Didn't somebody on here last year make a post about putting a layer or two of aluminum foil at each joint before sliding the pipes together?  If I remember correctly, it made a noticeable difference.....

Sometimes it's hard to get single wall to seal good at the joints, it's just the way the pipe is crimped and the seam in the pipe.  But the above mentioned method helped out a couple of people.  Worth a try....


----------



## rideau

PapaDave said:


> I use hi-temp caulk. After a year, it starts crumbling and flaking.
> I've put it IN the joint and ON the joint. Does the same thing. See above.
> This pipe is made to go together (slip pipe), from the same manufacturer and no matter what I do, it leaks and affects draw.
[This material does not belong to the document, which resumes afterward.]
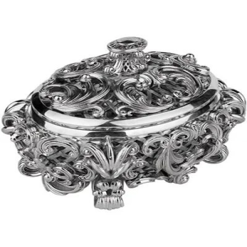 Серебряная шкатулка для ювелирных украшений выполнена из серебра 925 пробы с родированием. Высота 80 мм, длина 95 мм, ширина 77 мм.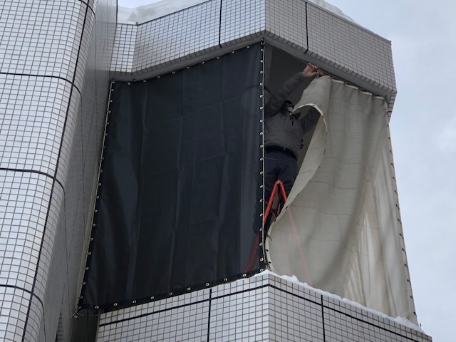 今日からスタジオビルの修繕として、外階段の防風雪ネットの交換を始めました♫

It's made very well, is welded seam, and 22 gauge steel.
> Evidently, it's not made well enough.
> Where are you guys getting pipe that doesn't need a sealant of some sort?


 
ICC double wall


----------



## ScotO

I like the single wall pipe because of the ease of disassembly when it comes time for an inspection/cleaning.  I take the inside pipe out once in the middle of the heating season and give it a good cleaning.  That usually happens around the end of December,  when the shoulder season fires are pretty much done with and we're building good, hot, constant fires.  That gives me a spotless pipe right through the winter.  Not to mention the extra heat I get off of the single wall in the house.  I think the biggest benefit to the double wall pipe is that it gives you closer clearances inside.  I have single wall inside and  Class A through the wall and up to the cap.


----------